- Exercise prompt
Take the lines in the listing below from the line with "Цветная бумага А4" up to and including the line with "森(12画)沢(17画) 美(9画)千(3画)子(3画)" and set them down exactly, skipping pictures and adding nothing.

- Data shown
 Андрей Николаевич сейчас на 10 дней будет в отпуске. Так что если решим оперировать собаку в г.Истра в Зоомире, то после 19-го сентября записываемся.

* * *

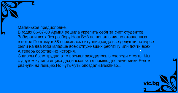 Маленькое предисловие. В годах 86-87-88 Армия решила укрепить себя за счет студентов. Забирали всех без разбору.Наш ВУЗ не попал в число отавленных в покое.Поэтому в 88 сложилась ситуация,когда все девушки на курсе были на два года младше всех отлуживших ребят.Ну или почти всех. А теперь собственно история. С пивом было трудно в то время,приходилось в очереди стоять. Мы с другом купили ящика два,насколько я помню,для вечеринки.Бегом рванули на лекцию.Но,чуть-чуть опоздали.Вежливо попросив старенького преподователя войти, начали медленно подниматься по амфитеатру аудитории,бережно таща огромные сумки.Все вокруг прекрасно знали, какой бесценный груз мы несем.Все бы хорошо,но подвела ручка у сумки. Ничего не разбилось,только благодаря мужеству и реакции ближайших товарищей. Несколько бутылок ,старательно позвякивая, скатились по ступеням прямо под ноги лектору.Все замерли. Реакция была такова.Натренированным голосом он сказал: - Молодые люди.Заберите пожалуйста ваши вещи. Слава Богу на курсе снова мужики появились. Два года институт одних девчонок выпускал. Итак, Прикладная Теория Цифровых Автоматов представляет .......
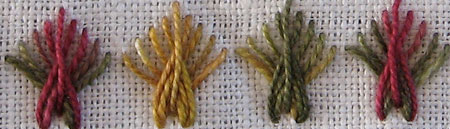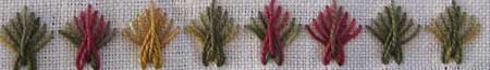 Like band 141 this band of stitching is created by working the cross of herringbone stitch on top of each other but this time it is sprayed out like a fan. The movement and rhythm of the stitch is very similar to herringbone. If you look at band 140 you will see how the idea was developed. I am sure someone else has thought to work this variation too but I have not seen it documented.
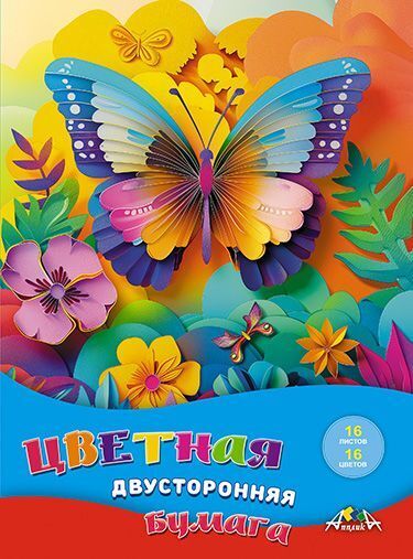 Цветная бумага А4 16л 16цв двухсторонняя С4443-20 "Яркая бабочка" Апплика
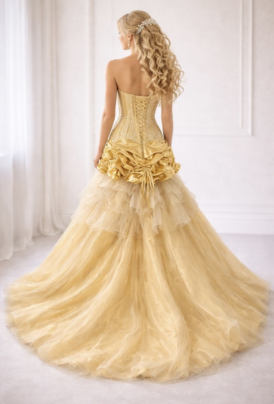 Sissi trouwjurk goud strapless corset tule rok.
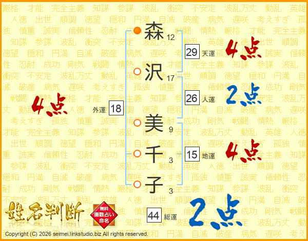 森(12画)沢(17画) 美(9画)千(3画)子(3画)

---

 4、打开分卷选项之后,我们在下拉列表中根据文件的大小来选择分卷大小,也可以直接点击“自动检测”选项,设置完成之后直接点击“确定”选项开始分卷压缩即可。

- Task answer
 Цветная бумага А4 16л 16цв двухсторонняя С4443-20 "Яркая бабочка" Апплика
 Sissi trouwjurk goud strapless corset tule rok.
 森(12画)沢(17画) 美(9画)千(3画)子(3画)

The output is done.